L'ex-Premier ministre écossais Alex Salmond, ténor de la cause indépendantiste devenu politicien déchu, est jugé, à partir de ce lundi devant la Haute cour d’Édimbourg, pour des agressions sexuelles contre dix femmes, dont deux tentatives de viol.

Lors d’une première audience préliminaire en novembre dernier, l’ex-homme politique de 65 ans, chef du gouvernement écossais de 2007 à 2014, avait plaidé non coupable. Il avait juré de se défendre « vigoureusement » durant son procès, qui doit durer quatre semaines.

« Je suis innocent de tout crime ou délit, quel qu’il soit »

L’ancien leader, qui avait conduit l’Écosse au seuil de l’indépendance, doit répondre de 14 chefs d’inculpation, des agressions sexuelles et des attentats à la pudeur qui auraient été commis entre juin 2008 et novembre 2014. En vertu des règles judiciaires en vigueur, les victimes ne peuvent être identifiées par les médias. Cela va du baiser forcé aux attouchements, jusqu’à une « intention de violer » et une tentative de viol dans sa résidence officielle pendant la campagne du référendum sur l’indépendance de l’Écosse en 2014. Alex Salmond avait alors, selon l’accusation, embrassé de force une femme avant de la pousser contre un mur, d’essayer d’arracher ses vêtements et de se mettre nu lui-même, puis il avait essayé de la violer sur un lit.

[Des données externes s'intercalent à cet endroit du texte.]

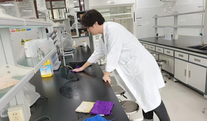 实验室是开展教学科研、培养实践能力的重要基地,其环境整洁与设备规范直接关系到教学质量和师生安全。活动当天,同学们准时在学院实验楼前集合,他们身穿志愿服,手持扫帚、拖把、抹布等清洁工具,精神饱满,热情高涨。在活动负责人的统一安排和实验室老师的专业指导下,志愿者们被分为若干小组,各司其职,分工协作。他们本着“不怕脏、不怕累”的精神,对实验室的各个角落进行了彻底清理一组同学负责擦拭实验台面、通风橱和仪器设备表面,细心清除残留的污渍和灰尘,确保每一台精密仪器都光洁如新二组同学专注于地面清洁,他们认真扫地、拖地,不放过任何一个卫生死角,让实验室地面焕然一新。

« Je suis innocent de tout crime ou délit, quel qu’il soit », avait-il déclaré devant un tribunal écossais après son inculpation en janvier 2019. Il avait été arrêté puis libéré sous caution. « Je vais me défendre jusqu’au bout devant les tribunaux », avait ajouté celui qui fut également député au Parlement britannique de Londres. Quelques mois avant son inculpation, l’ex-responsable politique au visage rond et à l’air bonhomme avait quitté en août 2018 le SNP, parti nationaliste au pouvoir en Écosse, afin de ne pas porter préjudice à une formation dont il était membre de longue date.

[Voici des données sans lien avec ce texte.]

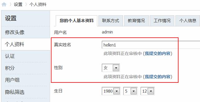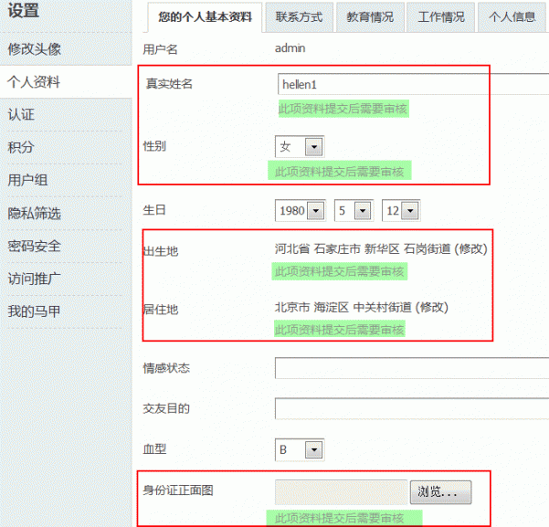 在用户栏目中开启的所有资料都可以让管理员进行审核通过后显示,会员填写的信息不合格都可以拒绝通过,可以更加充分的验证站内会员信息的真实性和准确性。

Le « mentor » de Nicola Sturgeon

Nicola Sturgeon, la «First Minister» actuelle, qui lui a succédé à la tête du gouvernement écossais et du SNP, avait alors exprimé son « énorme tristesse » de voir partir son « ami et mentor pendant trois décennies ». Elle avait ajouté que les plaintes à son encontre ne pouvaient pas être « mises sous le tapis ». Après une enquête interne, c’est le gouvernement écossais qui avait rapporté les accusations à la police. Ancien fonctionnaire et économiste de la Bank of Scotland, Alex Salmond avait pris en 1990 les rênes du Scottish National Party, formation très hétérogène qu’il a contribué à recentrer.

Il en avait claqué la porte en 2000 après un revers électoral, avant de revenir à sa tête quatre ans plus tard. En 2011, sous sa direction, le SNP avait raflé la majorité absolue au Parlement écossais de Holyrood, lui laissant espérer que l’indépendance de l’Écosse était à portée de main. Le « non » l’avait finalement emporté lors du référendum sur l’indépendance de septembre 2014, provoquant quelques semaines plus tard la démission de Alex Salmond de son poste de Premier ministre.